I’ve implemented a transformer model following along with Peter Bloem’s blog

I find myself confused by the high level meaning of the position embeddings. When I look at papers/articles describing position embeddings, they all seem to indicate we embed the positions in individual sentences, which makes sense.

But if you look at the code accompanying Peter Bloem’s blog, it seems the position embeddings are for the entire sequence (i.e., potentially many sentences). The position embedding layer is defined as nn.Embedding(a, b) where a equals the dimension of the word embedding vectors, and b is set to the length of the longest sequence (I believe 512).

Does this mean we are creating position vectors for 512 different positions? If so, I feel like that doesn’t make sense.

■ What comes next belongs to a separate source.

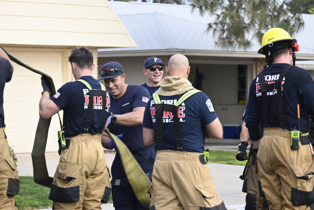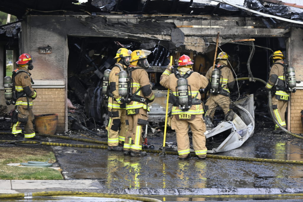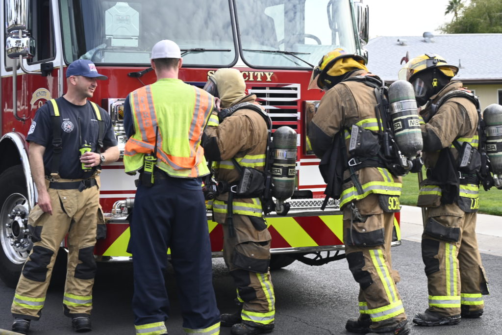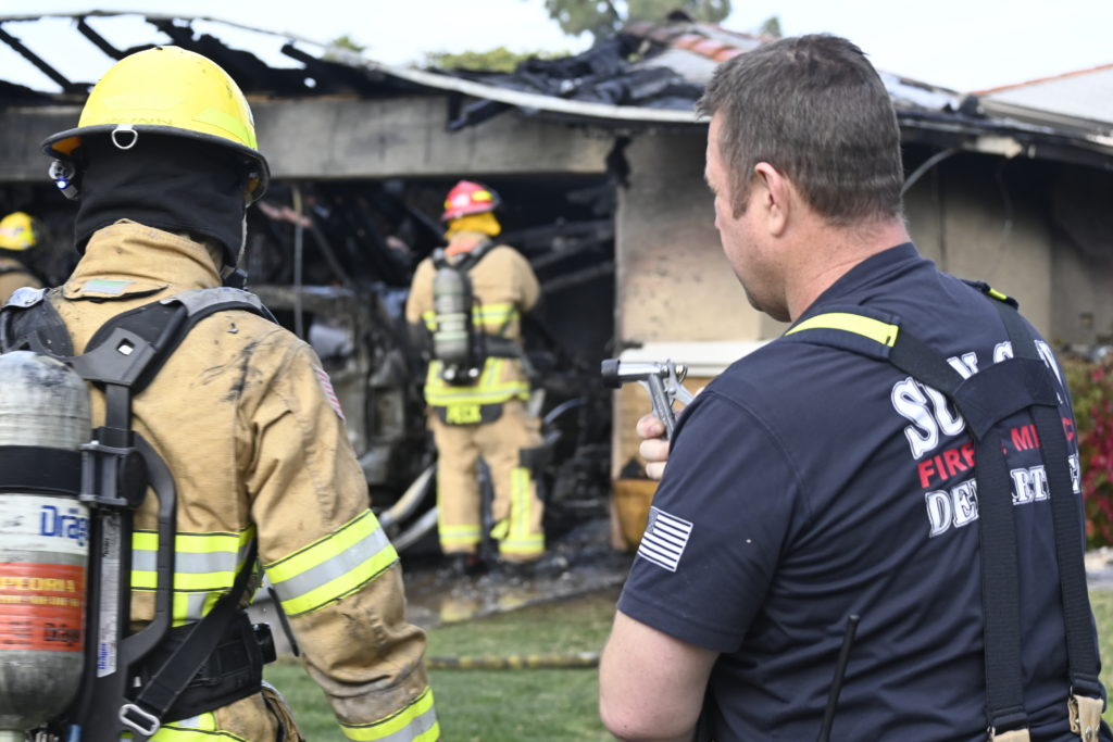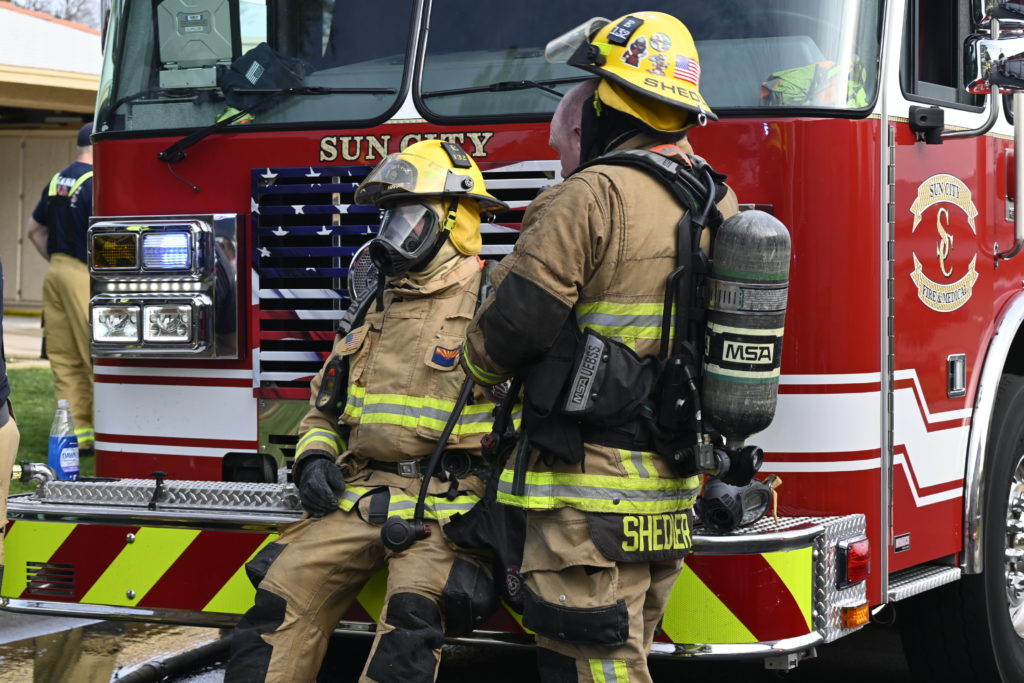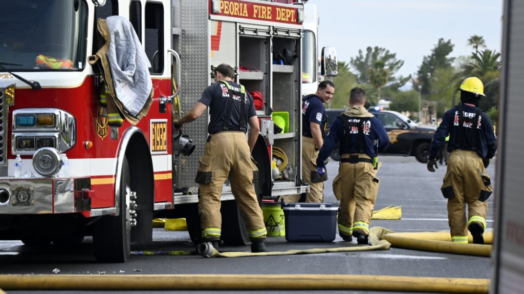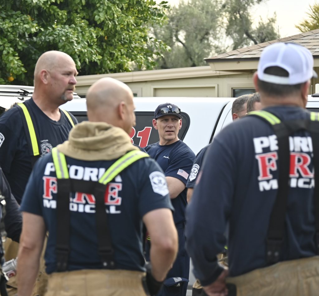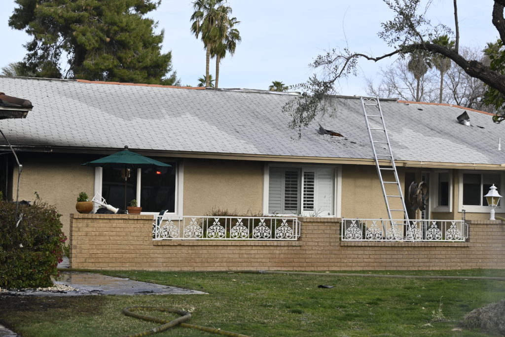 3/06/23 WF Suncity One Story Duplex Fire In One Garage With Heavy Ext Into The Unit The Attic And Thur The Roof Ext Into A Exp Garage Units When Defensive For A While The Units Did A Great Job Keeping It Out Of The Other Duplex Suncity & Peoria Glendale Working Cameo Dr Sandstone Dr

The first word of a sentence could be at position 1 and position 242 in one case, but in another case position 242 could be the last word in a sentence (or any word).

I used the same style of position embedding as did Bloem - that is my position embedding layer is nn.Embedding(word_embedding_size, len_longest_sequence). I am getting good results, yet I feel quite confused about the position embeddings.

I think your understanding is correct. Transformers do not encode the sequential nature of their inputs. Hence, we need positional encoding to add that notion during training. For an input sequence of length 512, it can consist of multiple sentences attached together and fed in a sequence.

eg: for an input sequence of length 8: a1 a2 a3 a4. b1 b2 b3 b4 which consist of two sentences: a1 a2 a3 a4 and b1 b2 b3 b4, the corresponding positions would be 1 2 3 4 5 6 7 8. This is still valid because a1 comes before a2 and b1 comes before b2. Although, it also implies a1 comes before b1 and that’s fine.

Thank you for your reply! I’m glad I am on the right track. However, I still feel confused about the concept of position embedding for an entire sequence of sentences.

Suppose another input sequence is also length 8: c1 c2 c3 c4 c5. d1 d2 d3. Our position 5 corresponds to the last word of a sentence in my sample and the first word of the sentence in your sample. Position 5 could be the middle of a sentence for a third sample. What exactly is position 5 learning then?

The embedding vectors for “cat” vs. “dog” make sense - they are different words that can be mapped to a similar vector space (e.g., animal, four legs, etc.). But the meaning of position 5 seems random in this example. It can be early sentence, mid-sentence, or late sentence. The only deterministic thing about it seems to be that it comes after position 4 and before position 6. But positions 4 and 6 can mean different things depending on the sample (similarly, positions 254 and 256 can mean different things).

I plan to spend a lot of time studying this and related issues to come to a deeper understanding. But in the meantime I am hoping to gain some high level intuition to what the position embeddings mean. I found a paper that seems to get at the question. I hope to find some insights.